Deep Dive: What attention actually computes

You’re at a crowded party and someone says “Python.” You don’t replay every conversation you’ve ever had. Your brain has an index of topics (keys) and associated memories (values). “Python” matches against “programming” in your index, and you pull the relevant context: that project at work, the tutorial you read last week.

Attention works the same way. Each new token generates a query: “what’s relevant to me?” That query gets compared against every previous token’s key via a dot product (high score = relevant). The scores determine how much of each previous token’s value gets mixed into the output. Cache the keys and values, and you only compute each once.

The size follows a formula:

2 × layers × heads × head_dim × bytes_per_element × batch_size × seq_length

For Llama 3 70B at FP32 precision, 128k tokens, single user: ~40 GB. Just the cache. Scale to 10 concurrent users and you need 400 GB of cache alone. This is why inference providers charge per token and long-context queries cost a premium.

The deeper constraint: LLM generation is memory-bandwidth bound. Each token involves small matrix-vector multiplications that finish fast. The bottleneck is loading the KV cache from memory to compute. An H100 SXM moves data at ~3.35 TB/s. A smartphone: 50-90 GB/s. That 40-60x gap defines who can run what.

The two walls, in detail

Compressing 32-bit floats to fewer bits is obvious. Several teams tried. Each made real progress, and each stopped at the same place.

KIVI (ICML 2024, github) found that keys have outlier channels but values don’t. It quantizes keys per-channel, values per-token. Tuning-free, works at 2 bits.
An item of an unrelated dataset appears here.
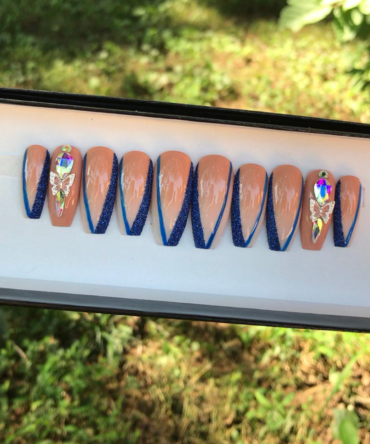 A set of 10 press on nails. Each order of a press on nail set comes with instructions on how to apply the press on nails as well as an option to purchase a nail glue care pack, a sticky tab care pack, or none. I do have an option to purchase and upgraded nail care pack as well. (THIS IS HIGHLY RECOMMENDED) Nails are reusable with the proper care. CUSTOMIZATION IS ALWAYS POSSIBLE.

KVQuant (NeurIPS 2024, github) combined per-channel quantization, non-uniform datatypes, and dense-and-sparse quantization for outliers. One A100 could serve a 1M-token context on Llama 7B.

QuaRot (NeurIPS 2024, github) applies Hadamard rotations to smooth vectors before quantization. It uses random orthogonal transforms to eliminate outliers so standard uniform quantization works at lower bit-widths.

What stopped them:

The metadata tax. To quantize a block of numbers, you store a scale factor and zero point for that block. At 8-bit quantization, this overhead is negligible. At 3 bits, it consumes a third to half of your bit budget. You’re spending bits on bookkeeping, not data.

Deep Dive: What scale and zero point mean

Say you have a list of temperatures: 18.7, 21.3, 19.1, 22.8, 20.5. They range from about 18 to 23. You want to store each in just 3 bits, which gives you 8 possible values (0 through 7).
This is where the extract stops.